Innovation and Choice

Tuesday, February 5, 2013

Wikimedia Commons
Wikimedia Commons    

Innovation is about making the possible desirable and the desirable possible. But which direction innovation takes depends in large part on how we express those desires.

 

I wrote earlier about the market for lemons, in which information asymmetry prevents the emergence of market alternatives to Genetically Modified Organism-based foods.

In your responses and conversations it's clear this issue reflects a much broader effect on both innovation in general and the pursuit of sustaining innovations in particular. What I want to explore in this post is whether this kind of ignorance - created by restricting access to knowledge - shapes the course of innovation.

Innovation is about making the possible desirable and the desirable possible. But which direction innovation takes depends in large part on how we express those desires. For good or bad, we express them, and thus shape the direction of innovation, with the choices we make from what's available.

Henry Ford's famous quip, "They can have any color, so long as it's black," worked so long as nobody had a choice.

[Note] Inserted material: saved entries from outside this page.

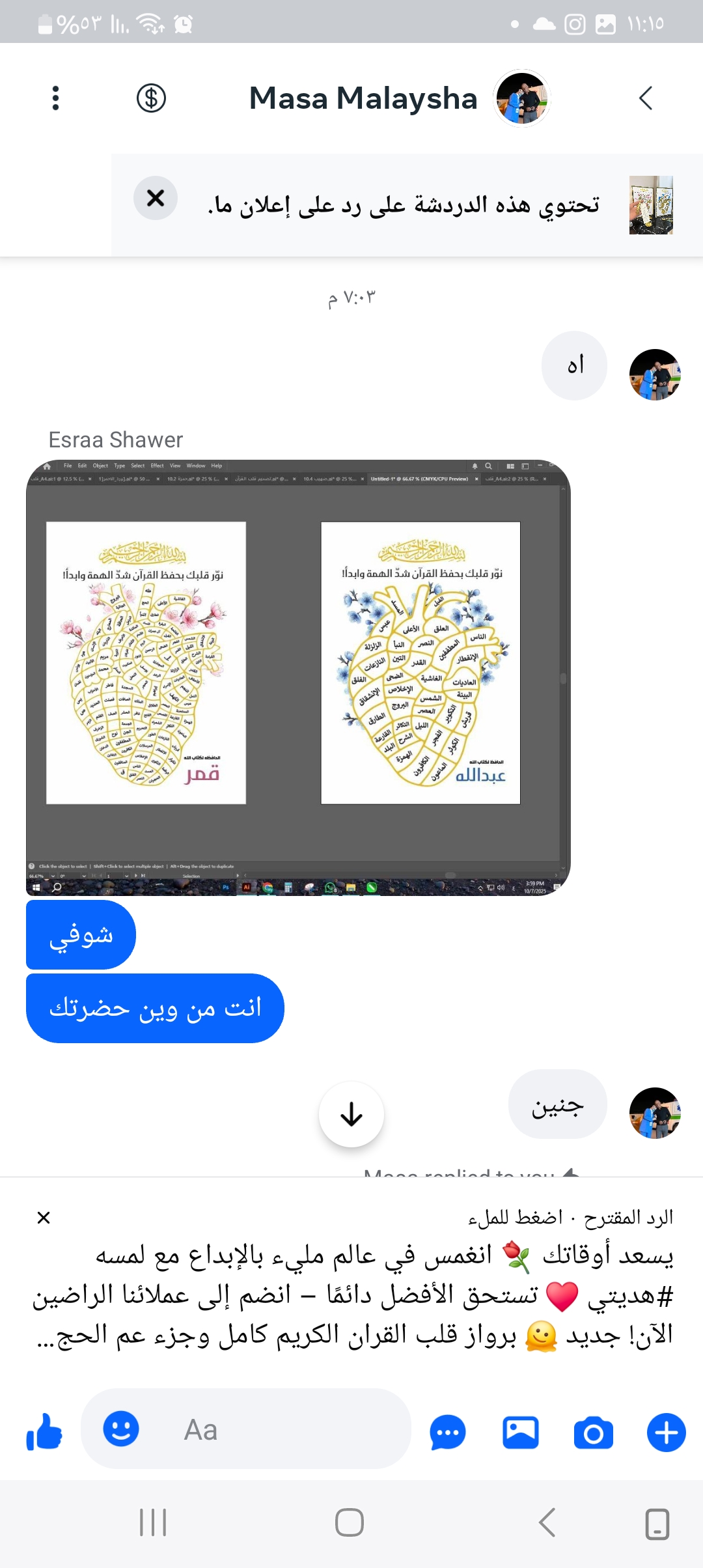 رهف حلايقه مندوبه إسراء برواز بازل قلب القران للمصحف كامل الحجم A4 |
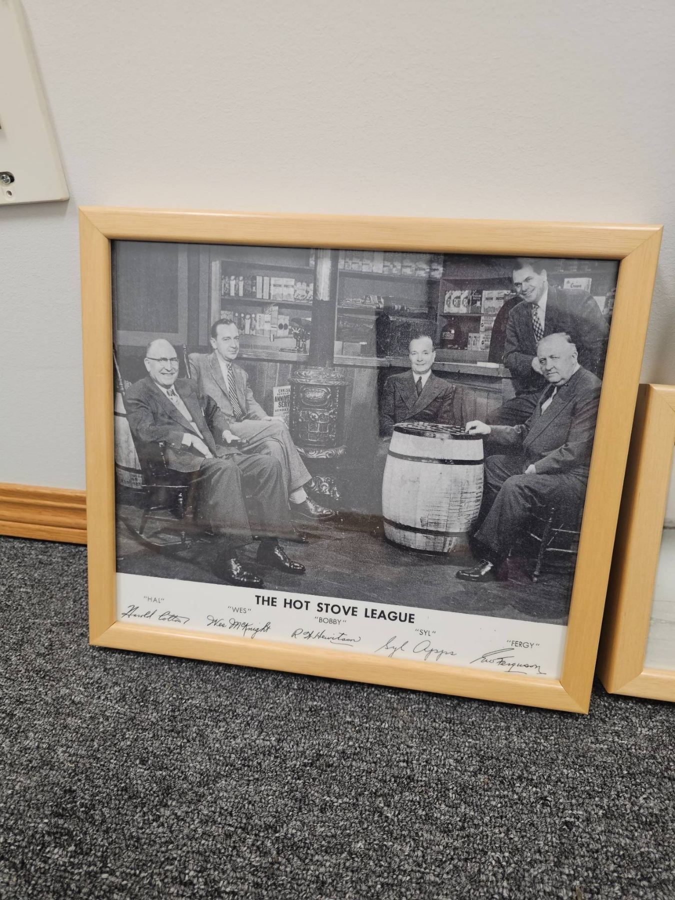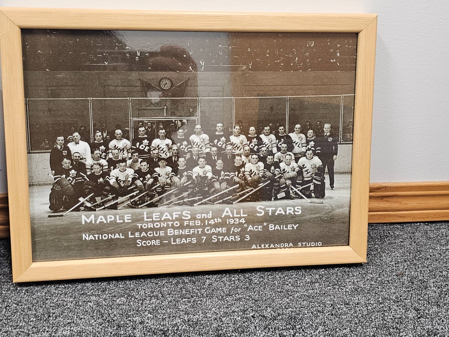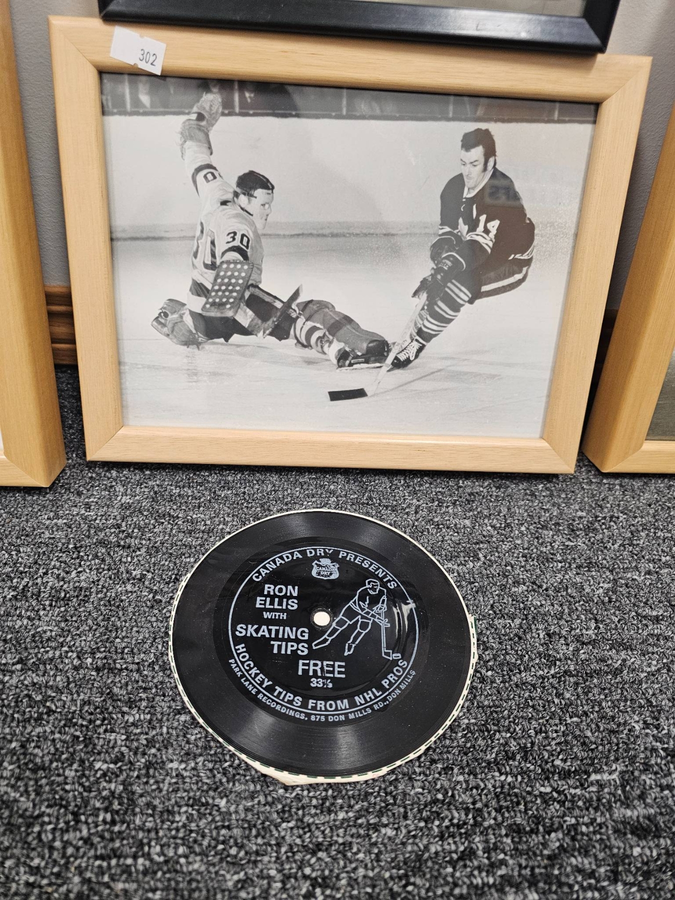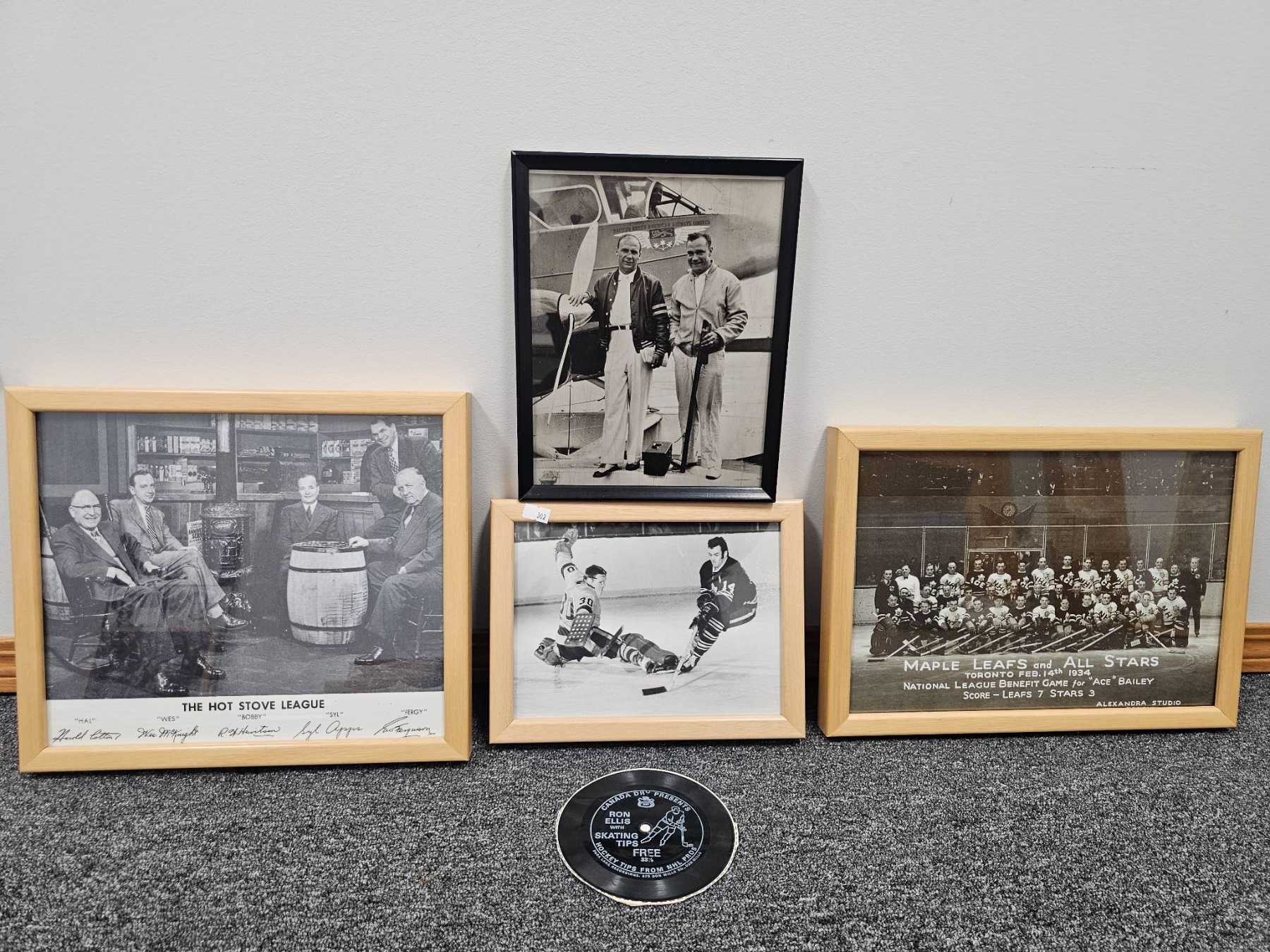 4 framed sports photographs and a hockey-related vinyl record. Images include hockey game action shots, a "Maple Leafs and All Stars" 1934 team photograph, "The Hot Stove League" photograph, and a vintage aviation-themed sports photo. The vinyl record adds a unique touch, offering skating tips from Ron Ellis. Frames are simple wood or black. A perfect set for hockey history enthusiasts or collectors of sports memorabilia.
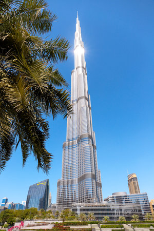 Dubai, UAE - January 6, 2020: Burj Khalifa towering against a clear blue sky in Dubai Downtown
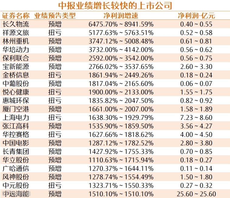 11家公司业绩有望实现20倍以上增长,包括:长久物流、祥源文旅、林州重机、华培动力、保利联合、宝新能源、金桥信息、中葡股份、悦心健康、惠城环保、厦门空港。
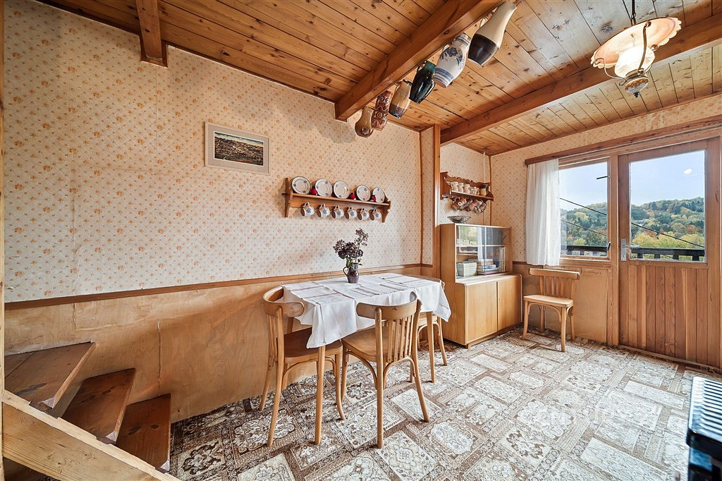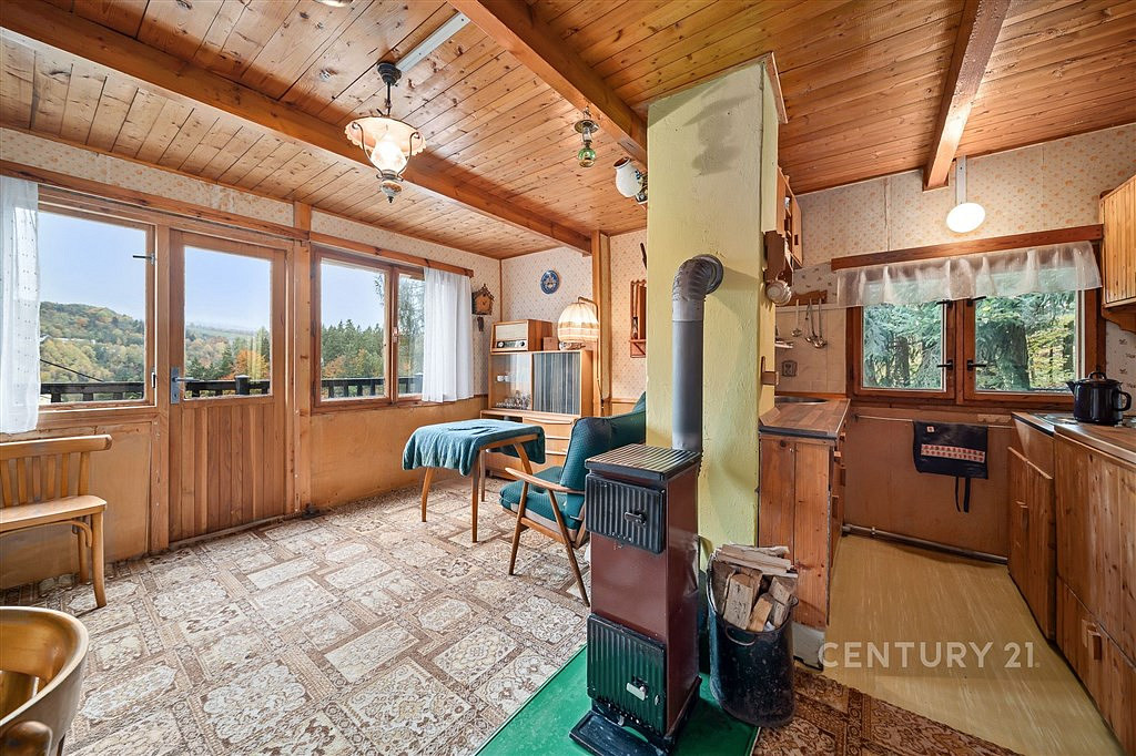 Chata nabízí přibližně 45 m² útulného prostoru a leží na pozemku o rozloze 393 m². Je dvoupodlažní, v dobrém stavu – tak akorát připravená na to, aby si ji nový majitel mohl upravit podle svých představ a přitom zachoval její původní kouzlo. Z malé terasy, 6,3 m², se otevírá výhled na okolní kopce a lesy – pohled, který se nikdy neokouká.
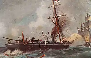 The ships collided under a steep angle; although the hull of the Meteor managed to resist the ramming attempt, the shock of the impact collapsed her rigging, sending sails and debris on her deck and, most significantly, wrapping lines around her propeller. German sailors attempted to use the opportunity to try and board the Bouvet, but the French sailors repelled them with rifle fire and the Bouvet quickly retreated to a safer distance.[9] As the Bouvet was preparing to ram the immobilised Meteor again, a German shell struck her exposed boiler, allowing her steam to leak on deck and rendering her dead in the water as well.[9] The Bouvet then unleashed her sails and disengaged from the action, as German sailors attempted to free their propeller and give chase. As Bouvet reached Cuban territorial waters, the Spanish intervened to stop the battle, with the Spanish corvette Hernán Cortés firing a warning shot at the Meteor to signal to her that the engagement was over. Both the Bouvet and Meteor then sailed back to Havana.
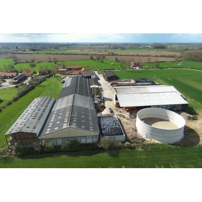 A manure storage tank of 35300 cubic foots (1 million liter) is built in a week, from the floor to the top of the wall. HSR (high sulfate resistance) quality cement is use.The construction complies with the strict VERITAS- regulations and standards. Manure treatment facilities are built in a practical and simple way at a height of 4, 5 and 6m or more.

A decade later, General Motors recognized that one black car didn't fit all customers and began offering a wide variety of different makes and models, different colors and options. That choice then drove decades of experimentation and innovation in automobile design and engine technology. Indeed, the nobody believed there was a market for mini-vans until Chrysler introduced one in the early 1980's and found, as one executive noted, there was a market "a lot bigger than we had imagined.''

So what happens when we weren't not allowed to know the color of our cars or the presence of GMO foods in our pantry? For one thing, it means we can't collectively express our desires relative to those choices. And it means that established interests - dominant corporations, for example - can control the direction of innovation by controlling the presence of choice in the market.

Consider the following behaviors:

GMO foods: California's Prop 37, which would have required labeling foods containing GMO ingredients, was defeated, as its corporate opponents outspent supporters $46 million to $9 million.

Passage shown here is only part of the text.